* _Given entries_:
*** Begin section ***
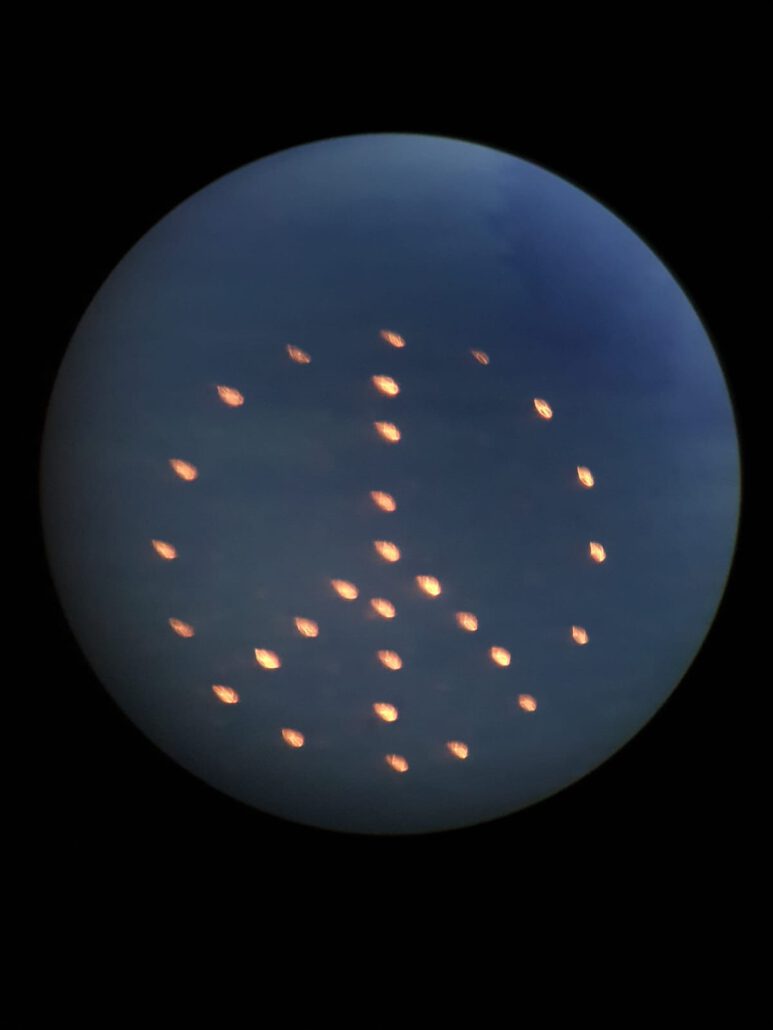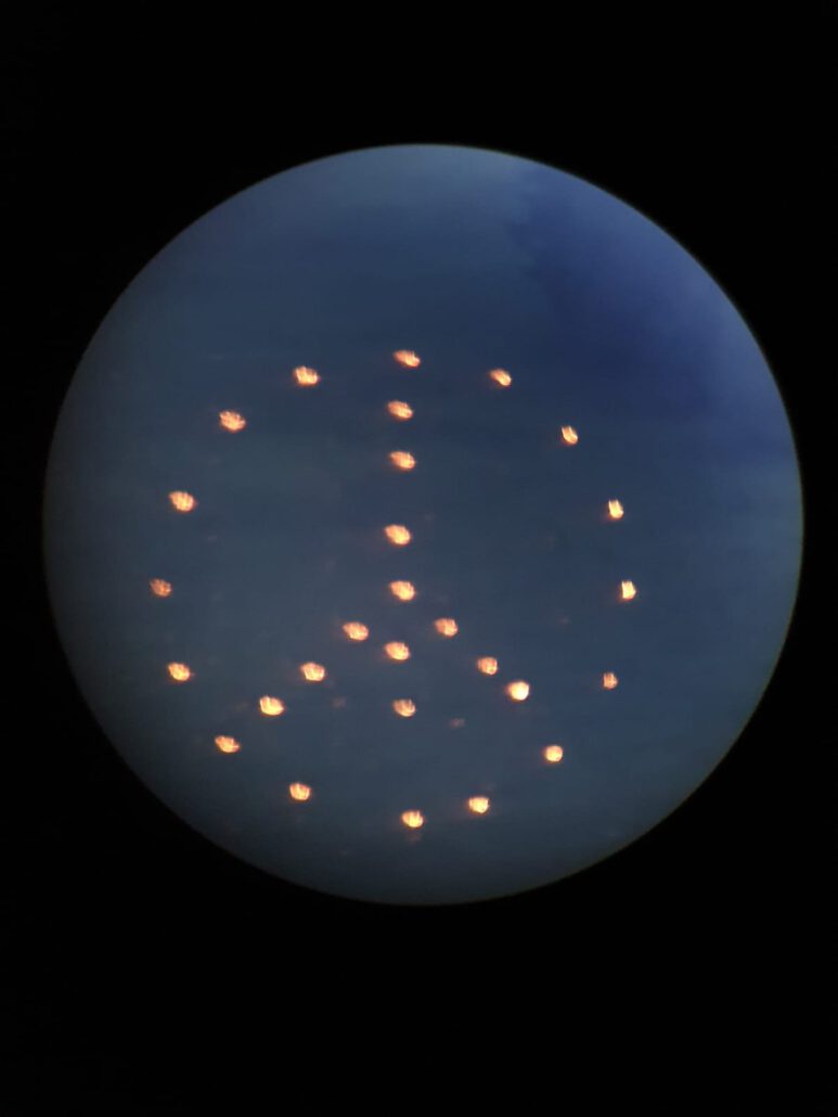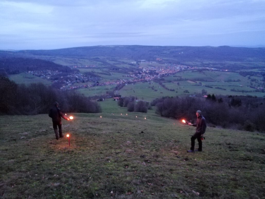 Siegfried Neumann und sein Team haben keine Mühen gescheut, die Fackeln am Kreuzberg am Käulingshang zu stecken. Viermal galt es den Hang zu bezwingen. Zuerst haben wir vier Kontrollpunkte markiert, die in vertikaler Richtung 120 Meter entfernt standen. Im zweiten Durchgang wurden die Fackeln gesteckt, zunächst der Außenkreis, dann die Senkrechte und die Diagonalen. Beim dritten Aufstieg entzündeten wir die Fackeln. Da wir heuer ohne Schnee die abgebrannten, verkohlten Reste nicht mehr alle gefunden hätten, wurden die Fackeln vor dem kompletten Abbrennen gelöscht und somit beim vierten Aufsteigen wieder eingesammelt. Also, wir haben uns für den „Frieden“ so richtig ins Zeug gelegt
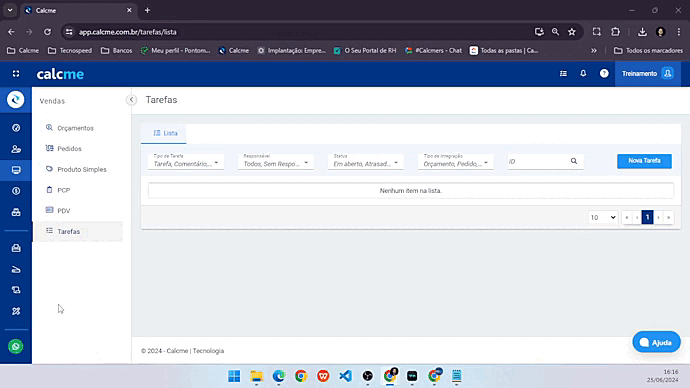 No menu Vendas selecione Orçamentos, irá clicar na aba "Tarefas" neste local teremos todas as tarefas criadas a partir dos orçamentos (card), teremos os filtros por "Tipo de Tarefa" , "Responsável", "Status" e por "ID". Temos também a possibilidade de criar uma "Nova Tarefa" e vincular ao respectivo orçamento.
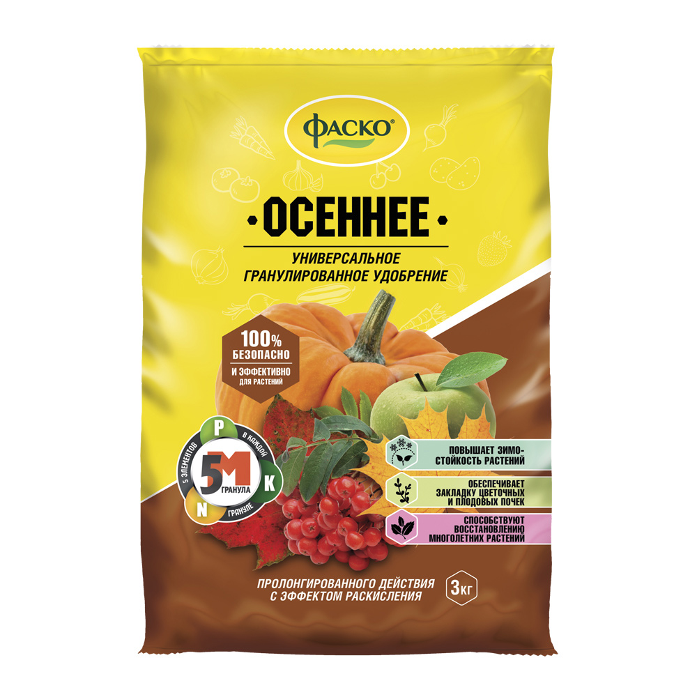 Удобрение сухое универсальное минеральное гранулированное 5М Осень Фаско 3 кг
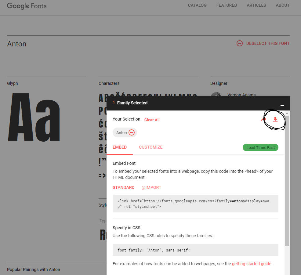 여기서 원하는 폰트를 검색후 아래 그림과 같이 다운로드.
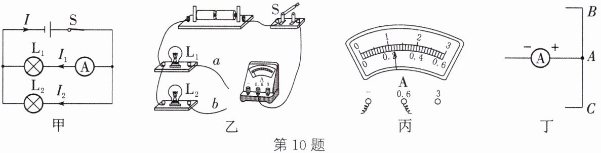 10. 为了探究并联电路的电流特点,小薇设计了如图甲所示的电路进行实验。
*** End section ***
* _Work instructions_:
Your copy should match every record exactly and contain no pictures.

* _The answer_:
 Siegfried Neumann und sein Team haben keine Mühen gescheut, die Fackeln am Kreuzberg am Käulingshang zu stecken. Viermal galt es den Hang zu bezwingen. Zuerst haben wir vier Kontrollpunkte markiert, die in vertikaler Richtung 120 Meter entfernt standen. Im zweiten Durchgang wurden die Fackeln gesteckt, zunächst der Außenkreis, dann die Senkrechte und die Diagonalen. Beim dritten Aufstieg entzündeten wir die Fackeln. Da wir heuer ohne Schnee die abgebrannten, verkohlten Reste nicht mehr alle gefunden hätten, wurden die Fackeln vor dem kompletten Abbrennen gelöscht und somit beim vierten Aufsteigen wieder eingesammelt. Also, wir haben uns für den „Frieden“ so richtig ins Zeug gelegt
 No menu Vendas selecione Orçamentos, irá clicar na aba "Tarefas" neste local teremos todas as tarefas criadas a partir dos orçamentos (card), teremos os filtros por "Tipo de Tarefa" , "Responsável", "Status" e por "ID". Temos também a possibilidade de criar uma "Nova Tarefa" e vincular ao respectivo orçamento.
 Удобрение сухое универсальное минеральное гранулированное 5М Осень Фаско 3 кг
 여기서 원하는 폰트를 검색후 아래 그림과 같이 다운로드.
 10. 为了探究并联电路的电流特点,小薇设计了如图甲所示的电路进行实验。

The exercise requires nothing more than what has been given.